A computing cloud, such as the Amazon Elastic Compute Cloud, is composed of thousands of commodity servers running multiple virtual machine instances (VMs) of the applications hosted in the cloud. As customer demand for those applications changes, new servers are added to the cloud or idled and new VMs are instantiated or terminated.
CIO, CTO & Developer Resources
Cloud computing infrastructure differs dramatically from the infrastructure underlying most in-house data warehouses and data marts. There are no high-end servers with dozens of CPU cores, SANs, replicated systems, or proprietary data warehousing appliances available in the cloud. Therefore, a new DBMS software architecture is required to enable large volumes of data to be analyzed quickly and reliably on the cloud's commodity hardware. Recent DBMS innovations make this a reality today, and the best cloud DBMS architectures will include:
- Shared-nothing, massively parallel processing (MPP) architecture. In order to drive down the cost of creating a utility computing environment, the best cloud service providers use huge grids of identical (or similar) computing elements. Each node in the grid is typically a compute engine with its own attached storage. For a cloud database to successfully "scale out" in such an environment, it is essential that the database have a shared-nothing architecture utilizing the resources (CPU, memory, and disk) found in server nodes added to the cluster. Most databases popularly used in BI today have shared-everything or shared-storage architectures, which will limit their ability to scale in the cloud.

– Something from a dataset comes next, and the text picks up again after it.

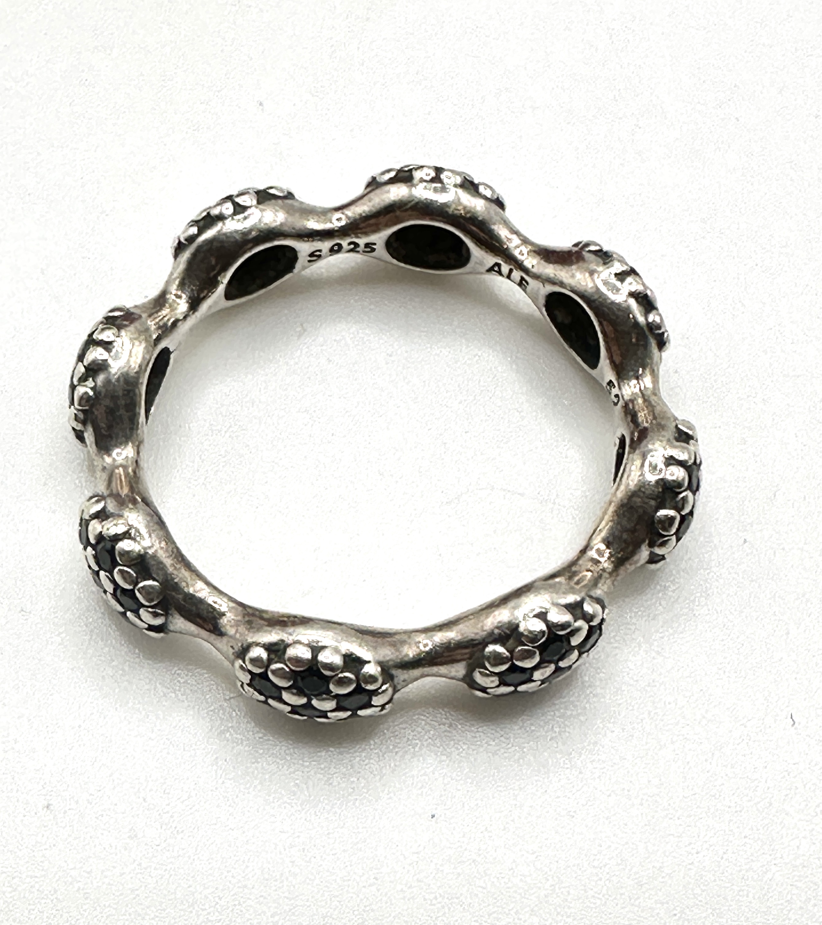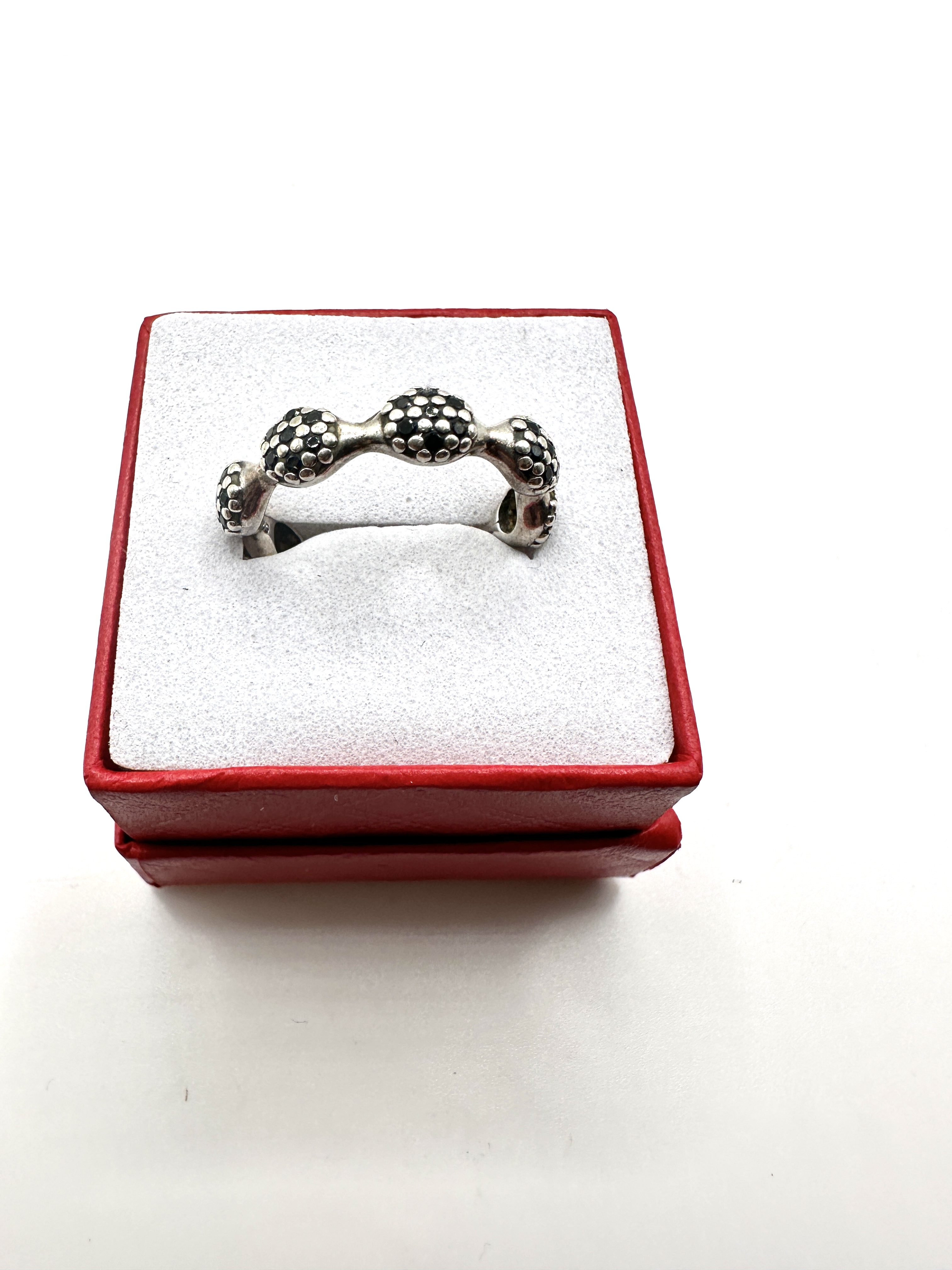 A Pandora sterling silver eternity-style ring from the Modern Lovepods collection, specifically the 8-Pod Pave Black Crystal design (model 190889NCK). The undulating band features eight circular clusters, each pavé-set with black crystals. The interior of the band is clearly stamped with the maker’s mark ALE and the silver purity hallmark S925. The piece is presented in a red textured jewellery box with a white foam insert.

- Automatic high availability. Within a cloud-based analytic database cluster, node failures, node changes, and connection disruptions can occur. Given the vast number of processing elements within a cloud, these failures can be made transparent to the end user if the database has the proper built-in failover capabilities. The best cloud databases will replicate data automatically across the nodes in the cloud cluster, be able to continue running in the event of 1 or more node failures ("k-safety"), and be capable of restoring data on recovered nodes automatically -- without DBA assistance. Ideally, the replicated data will be made "active" in different sort orders for querying to increase performance.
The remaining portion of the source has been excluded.